Duch Volos

Obudził go pierwszy promień słońca jaki padł na kryjówkę w której spędził zimne i niegościnne godziny nocy. Chłód umykał szybko przed bursztynowym blaskiem jaki zaglądał w każdy, najmniejszy zakamarek, wyganiając zimno i ciemność, dwie rzeczy jakich Śmig nie lubił.

Wraz z życiodajnym ciepłem ogarniającym jego ciało Śmig poczuł jak w żołądku budzi się głód i domaga się zaspokojenia. Rozprostował skrzydła, ostrym niczym brzytwa dziobem wygładził i tak perfekcyjnie ułożone pióra. Był gotów na podbój świata, nieba i całego Volos.

O świcie miasto żyło już pełnią życia.
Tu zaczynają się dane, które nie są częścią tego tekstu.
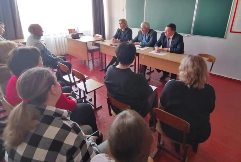 В присутствии руководителя и педагогического состава образовательного учреждения, глав районной администрации и администрации сельского поселения, исполняющего обязанности начальника отдела образования района, депутата представительного органа сельского поселения, представителя районной прокуратуры обсудили с членами родительского комитета вопрос о функционировании школы после проведения процесса реорганизации образовательных организаций района.
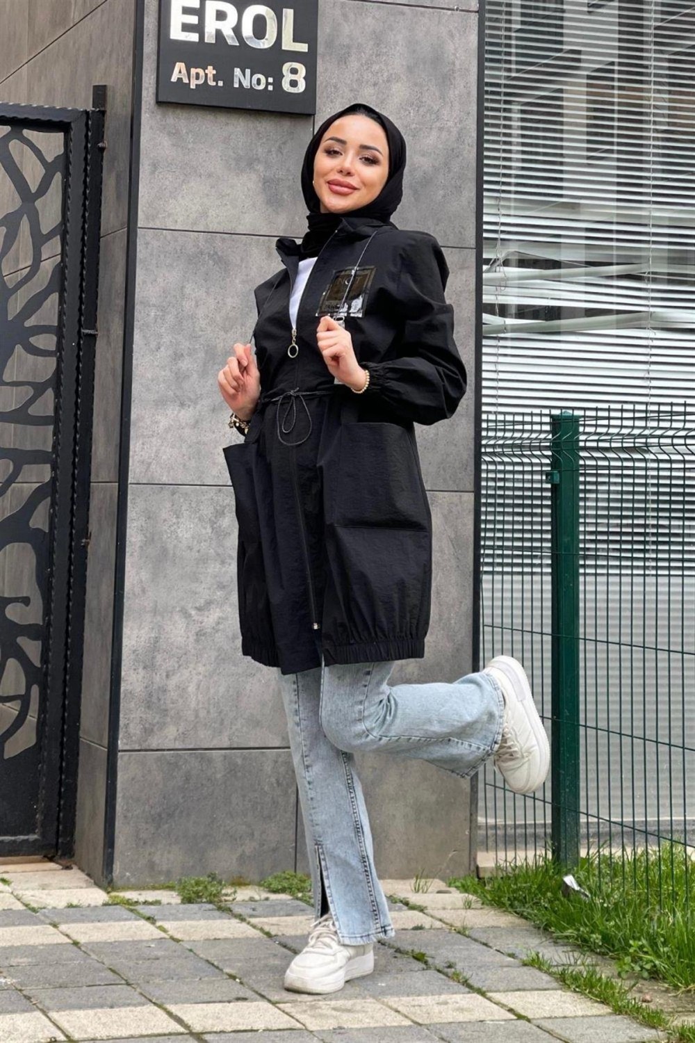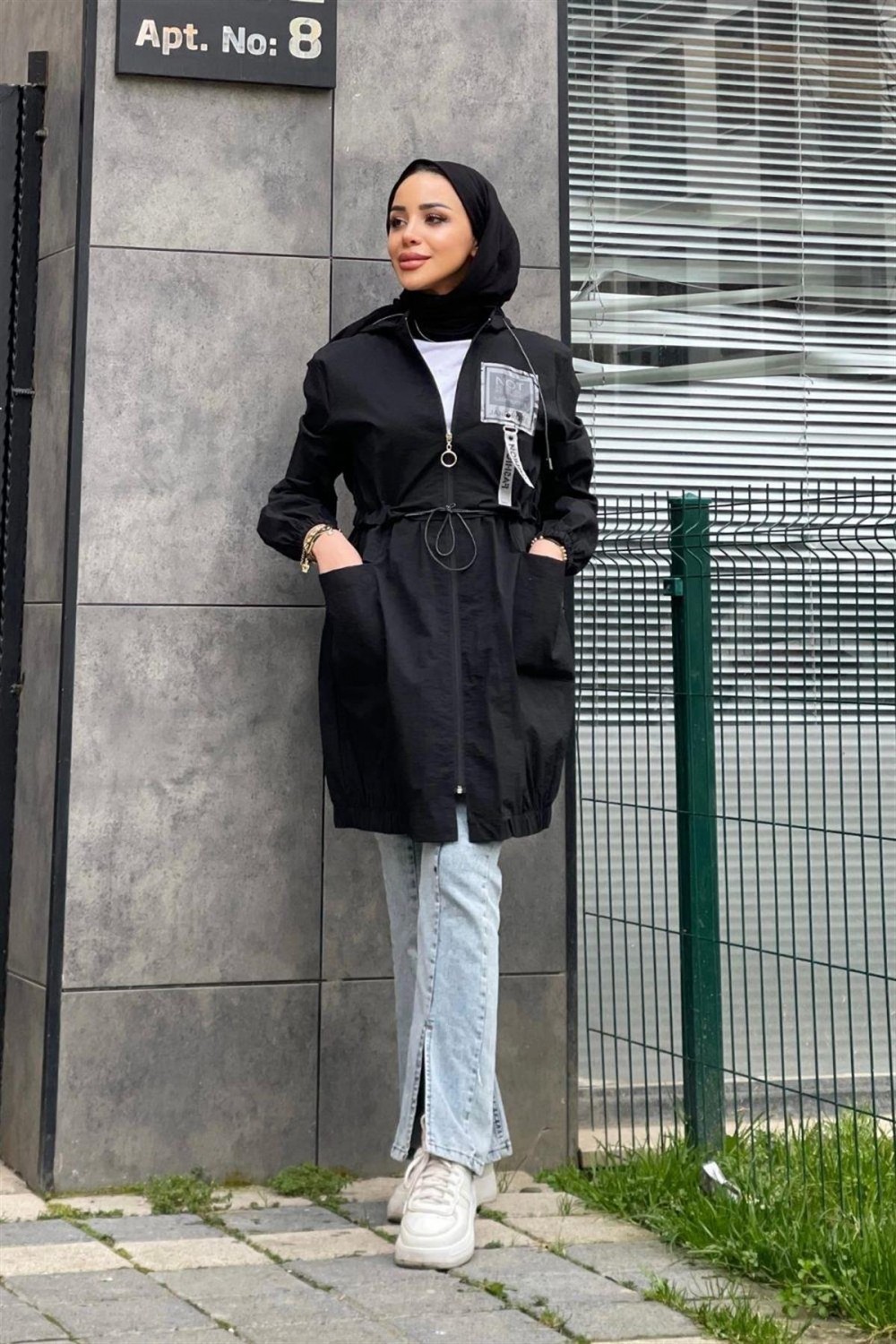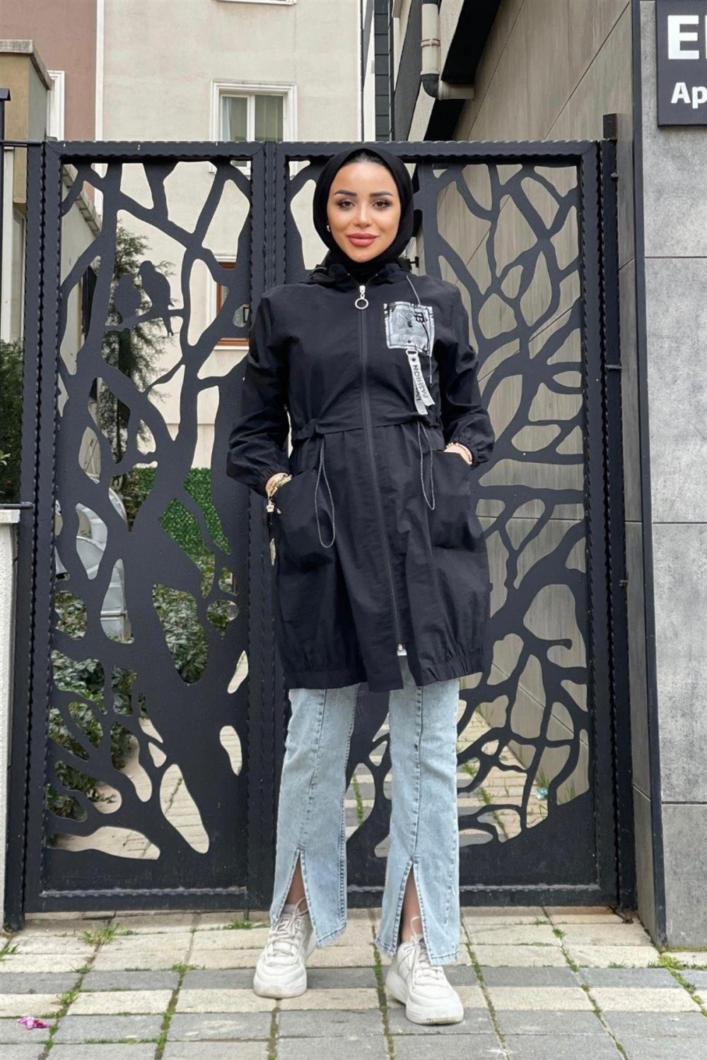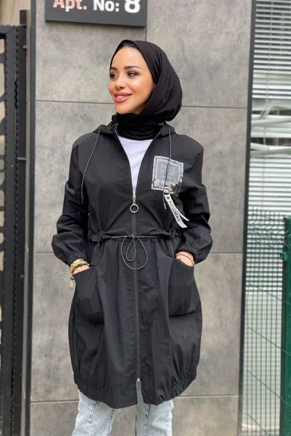 Fermuarlı Beli Büzgülü Yağmurluk Siyah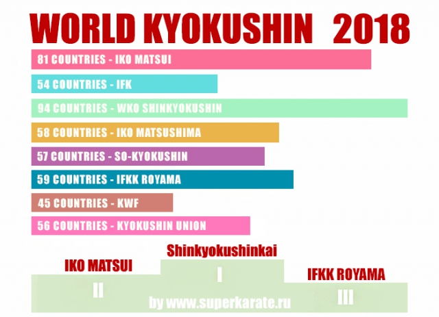 Со-Киокушин и Союз Киокушин набрали 57 и 56 стран соответственно.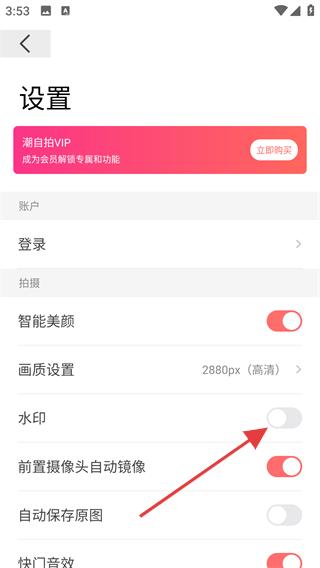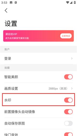 4、目前潮自拍的基础设置中无直接改水印名字的选项,需开通VIP后使用专属水印功能自定义名称。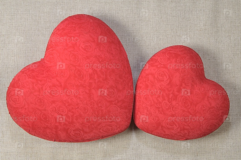Два красных сердца на сером саке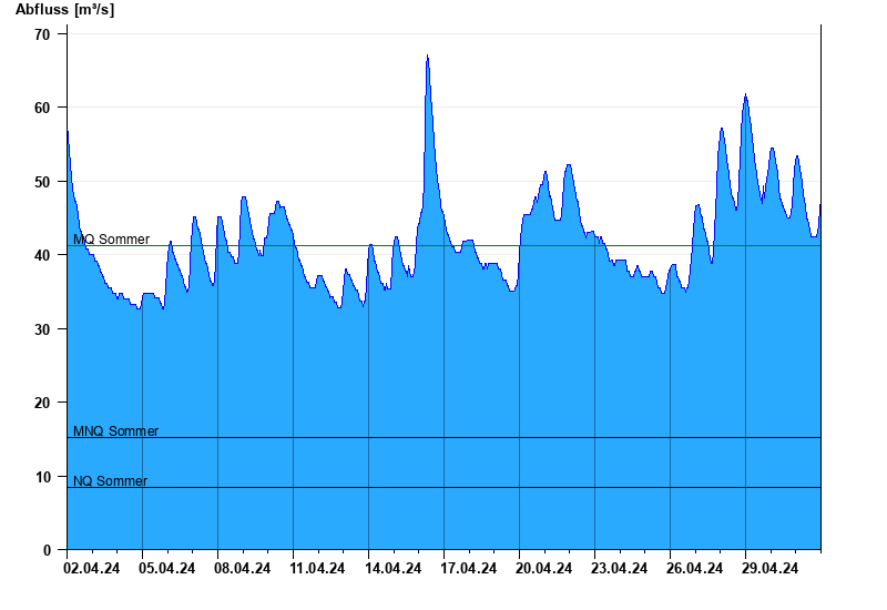 - Mittlerer Niedrigwasserabfluss MNQ 15,2 m³/s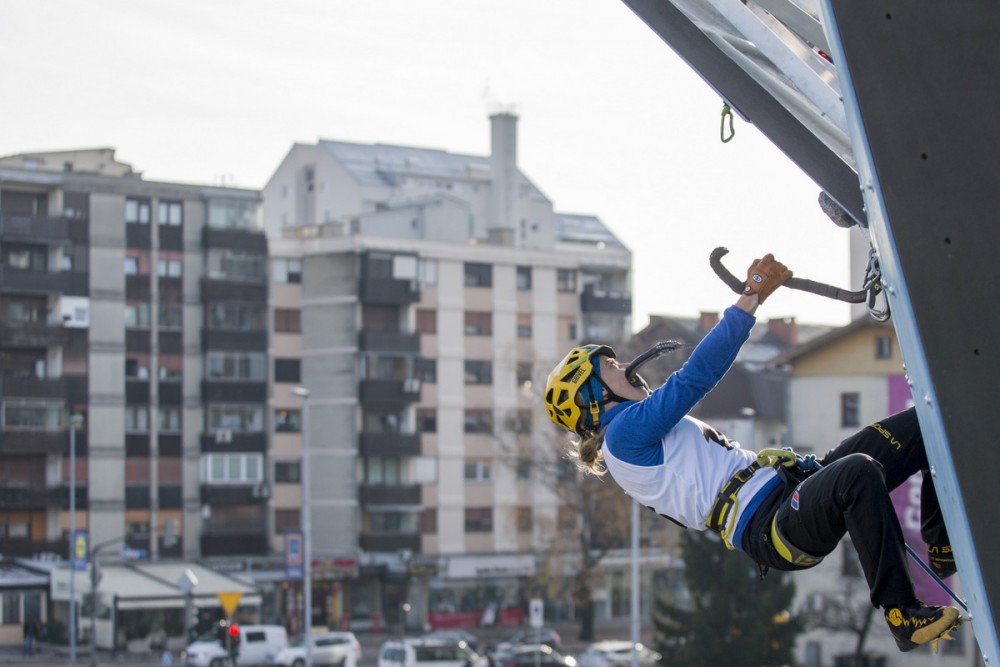 Tekma evropskega pokala v lednem plezanju v središču Domžal je zelo atraktivna za gledalce, finale se začne 1. decembra ob 18. uri (foto Urban Urbanc)

Z wysokości wieży astronomicznej, najwyższego budynku uniwetsyteckiego świata Śmig widział że brukowane uliczki pełne już są śpieszących się dokądś ludzi. Widział ich, ubranych w ciemnogranatowe, brązowe i szare stroje. Goniących gdzieś za niezwykle istotnymi, ale ulotnymi sprawami. Nieśli naręcza szeleszczących pergaminów, worki pachnące rzepą, marchwią i cebulą oraz skórzane pakunki z jeszcze bardziej tajemniczą, żelaziście pachnącą zawartością.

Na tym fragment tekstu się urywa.